40% des enseignants suisses romands seraient en situation de burn-out, selon un rapport*, controversé, du Syndicat des enseignants romands (SER). Au début du mois d’août, la faîtière présentait les résultats préoccupants d’une étude menée auprès de 5500 professeurs. Si la plupart d’entre eux restent passionnés par leur métier, ils sont nombreux à constater une dégradation de leur santé pendant les périodes scolaires. Le SER appelle donc à une amélioration des conditions de travail ainsi qu’à une mise en place de ressources pour éviter de trop tirer sur la corde.

Le burn-out, c’est un peu la «maladie du siècle». Dans cette société économique où le rendement est une valeur essentielle, maintenir un rapport équilibré avec son travail n’est pas toujours facile. Les besoins indispensables au bien-être de l’humain sont de plus en plus souvent sacrifiés pour accroître la productivité. Selon les résultats d’une étude présentée par leur syndicat, les enseignants romands seraient particulièrement touchés par ce mal. Mais contrairement à une idée largement répandue, le burn-out ne découle pas que d’une surcharge de travail. Les mécanismes qui le sous-tendent sont bien plus diffus.

Un processus complexe

Repérer les signes avant-coureurs

Un burn-out s’installe généralement petit à petit, de manière insidieuse. Il est donc essentiel de prévenir le surmenage, via une gestion d’entreprise propice au bien-être des employés. Un management basé sur la confiance et la qualité du travail contribue à préserver la santé de chacun. Par ailleurs, certains signes avant-coureurs permettent de donner l’alerte et de prendre quelques mesures pour éviter que la situation s’aggrave. Un début de burn-out peut se manifester par une difficulté globale à rester concentré sur des tâches qui ne posaient auparavant pas de problème; soyez donc attentif si vous souffrez de problèmes d’attention. Idem si vous remarquez que votre esprit d’initiative diminue et que votre rentabilité au travail est en baisse, malgré vos efforts d’engagement. Un état de fatigue qui ne s’améliore pas malgré du repos peut aussi être un signe d’alerte. Enfin, faites attention au déni du surmenage: il est fréquent qu’une personne en début de burnout n’arrive pas à reconnaître qu’elle traverse une phase critique et tarde à réagir.

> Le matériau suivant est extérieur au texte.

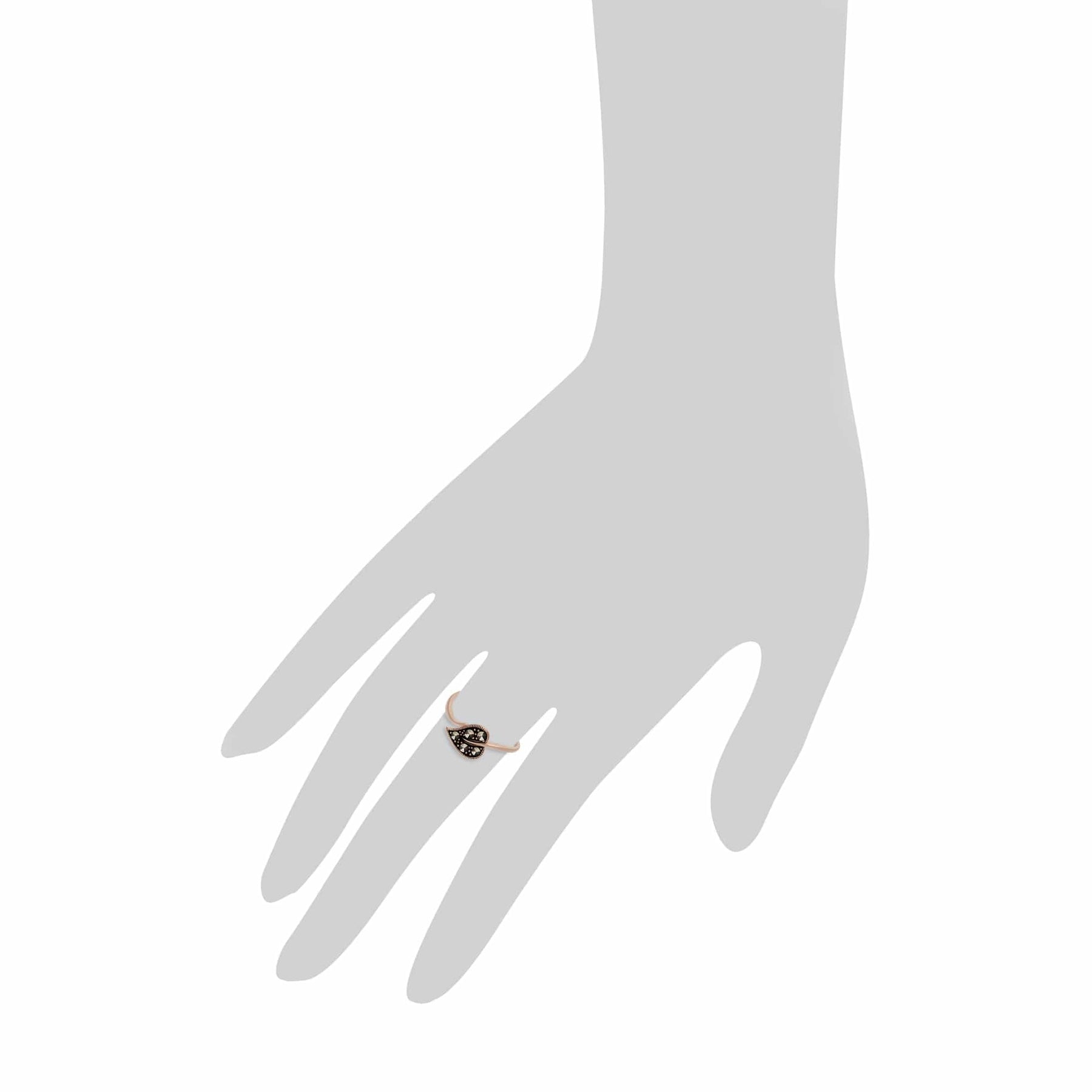A beautiful rose gold plated sterling silver leaf design ring featuring round marcasite gemstones inside.

«Le burn-out n’est pas un diagnostic clinique, mais un processus complexe qui s’installe progressivement, explique la Dre Catherine Barlet-Ghaleb, cheffe de clinique à l’Institut universitaire romand de santé au travail (IST). Trois dimensions graduelles sont généralement observées dans cette spirale: une importante fatigue émotionnelle, une forme de dépersonnalisation (une tendance à prendre les sollicitations de son travail avec une distance cynique), puis une perte du sentiment d’accomplissement personnel. C’est donc le résultat d’un déséquilibre durable, induit par les contraintes d’un stress professionnel chronique.»

Les symptômes se manifestent sur différents plans. D’un point de vue physique, les plus courants sont: une fatigue persistante malgré du repos, des problèmes de sommeil et d’appétit, des douleurs aux articulations, des maux de tête ainsi qu’une tendance à tomber plus facilement malade. Sur le plan émotionnel, la personne ressent une baisse générale de son humeur et de l’estime de soi, une plus grande irritabilité et une tendance à l’anxiété. «Des troubles cognitifs sont également fréquents, constate le Pr Guido Bondolfi, médecin-chef du service de psychiatrie de liaison et d’intervention de crise aux Hôpitaux universitaires de Genève. Un burn-out peut en effet provoquer des problèmes d’attention, de concentration et de mémoire. Les patients se plaignent souvent d’une nette perte de leur créativité, ainsi que d’une difficulté à hiérarchiser les informations. De plus, ils ont tendance à s’isoler de leur environnement social.»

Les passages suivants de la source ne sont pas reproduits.